Vale’s peers face difficulties but they will survive too
I will not discuss Rio Tinto and BHP Billiton in this article, as I have already done so previously. Instead, let us take a look at Freeport-McMoRan Copper & Gold Inc. (NYSE:FCX) and Southern Copper Corp (NYSE:SCCO). Freeport-McMoRan Copper & Gold Inc. (NYSE:FCX) was hit hard by China’s lack of demand for copper and other commodities. That has not stopped Freeport from acquiring Plains Exploration and Production Company for $6.2 billion, nor did it stop the company from trying to strike a deal to acquire McMoRan. These additional properties will help Freeport gain access to oil and gas along the Gulf Coast, the Rocky Mountains, California and the Gulf of Mexico. This diversification is very different from what Vale has been doing.
Vale has tried to divest the properties and businesses that weren’t part of its core focus. Such divestitures have helped Vale clear a lot of its debts and trim down. On the other hand, Freeport is acquiring new projects despite weakened demand in China. The take-home message is that, whether a company chooses to trim down or diversify, conditions in China will not affect Vale’s shares in the long run. Freeport trades at $30 and has an impressive price to sales ratio of 1.63. Its profit margin is very high, at 16.26% and its operating margin is almost 30%, suggesting an overall high rate of profitability. Freeport is an impressive option.
Southern Copper Corp (NYSE:SCCO) sells its commodities to China as well. The company has had consistently impressive revenue and profit margins. With reduced demand in China for metals, though, even Southern Copper saw its numbers dwindle. However, the Chinese premier’s reassuring words bode well for Southern Copper.

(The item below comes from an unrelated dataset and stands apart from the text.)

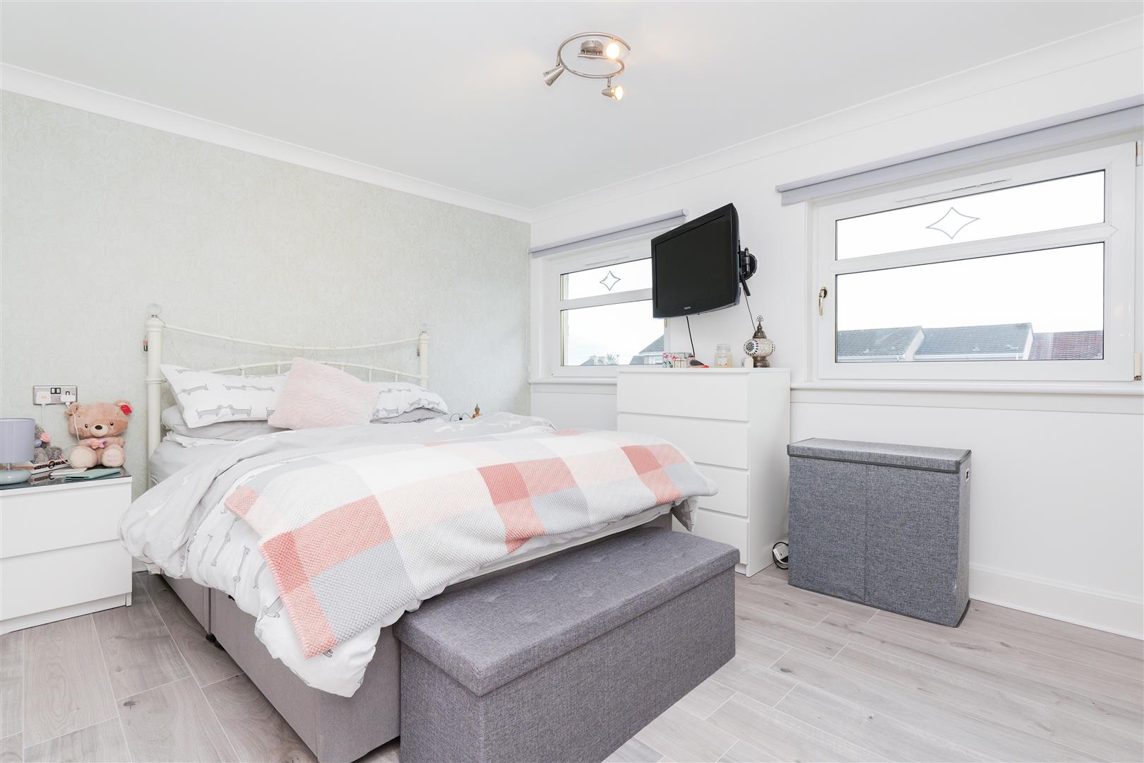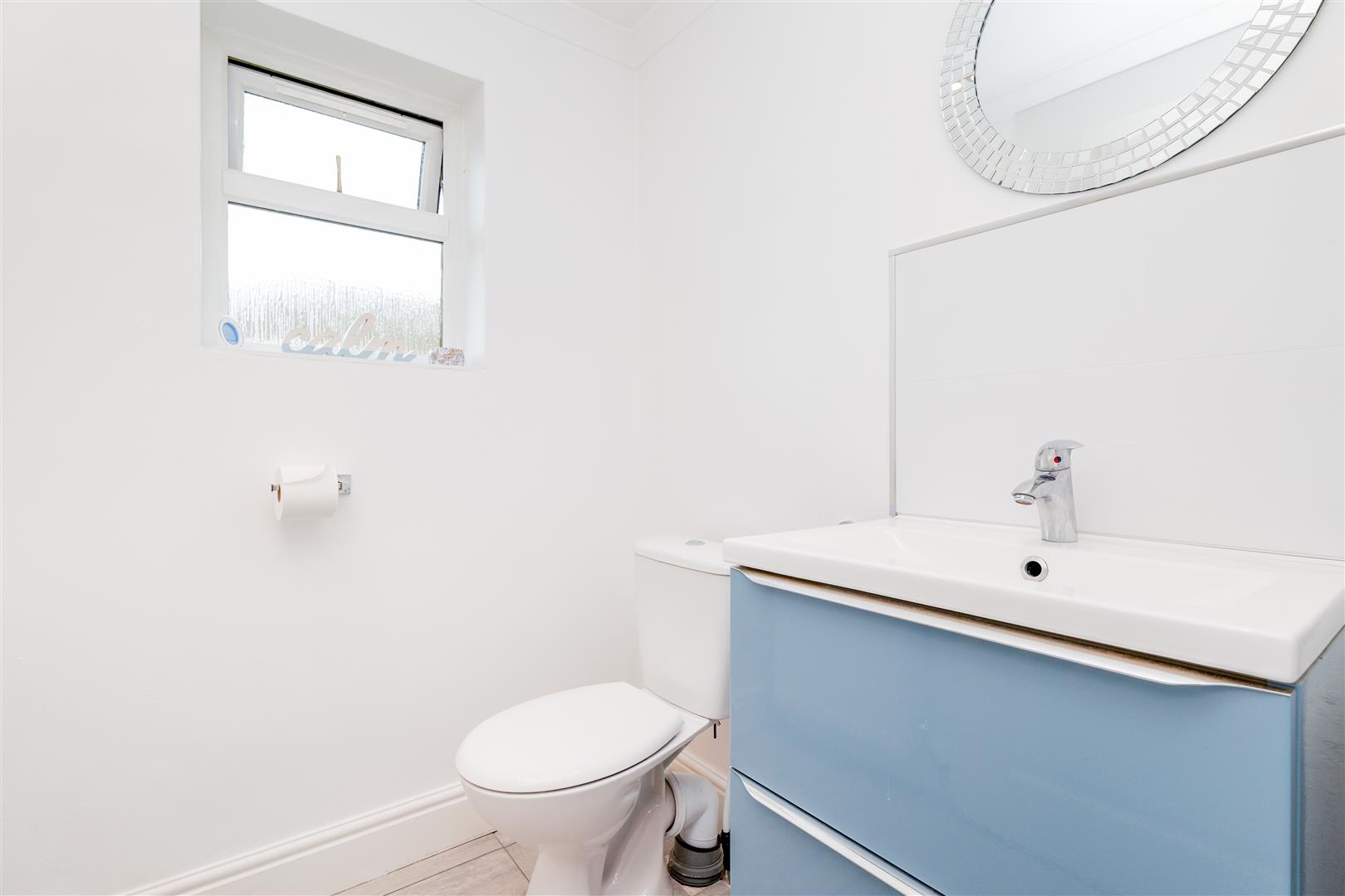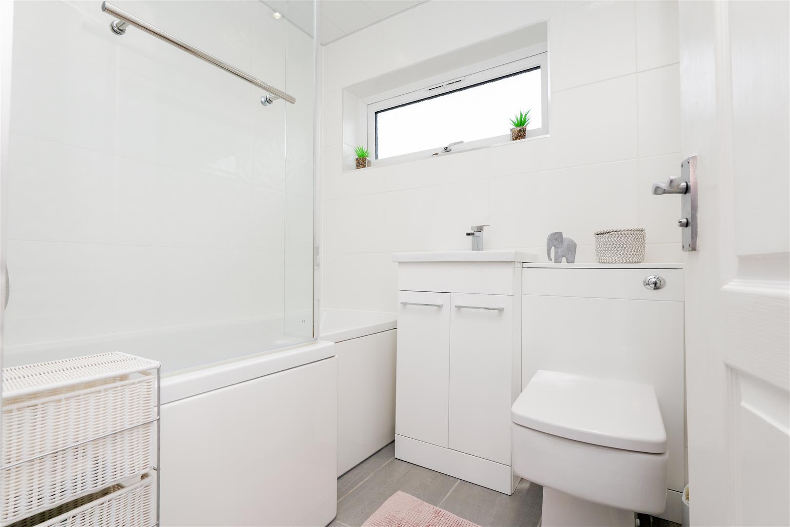 On the upper floor, you'll find a landing leading to two comfortable double bedrooms, both with flooring and offering ample space. The master bedroom provides a practical setting for relaxation with convenient storage cupboard. Completing this floor is a part-tiled family bathroom with a WC, sink, and a bath with an overhead shower.

Other than copper, the company also produces coal, silver, lead, zinc and other metals. China’s growing demand will help Southern Copper find buyers for these other metals too.
Southern Copper trades at $30 and has a market cap of $25 billion. It has an enterprise value of $28 billion and is one of the largest mining companies in the world. Southern Copper has a surprisingly high rate of profitability, with a profit margin of 28% and an operating margin close to 50%.
Southern Copper has a price-to-sales ratio of 3.82 and a price-to-book ratio of 4.89. However, the company’s PEG ratio is 0.93, which suggests that it is fairly valued. A lower PEG ratio is better for investors, whereas a higher PEG ratio is considered to be an expensive investment. A PEG ratio more than 1 would have been considered to place the company in overpriced territory.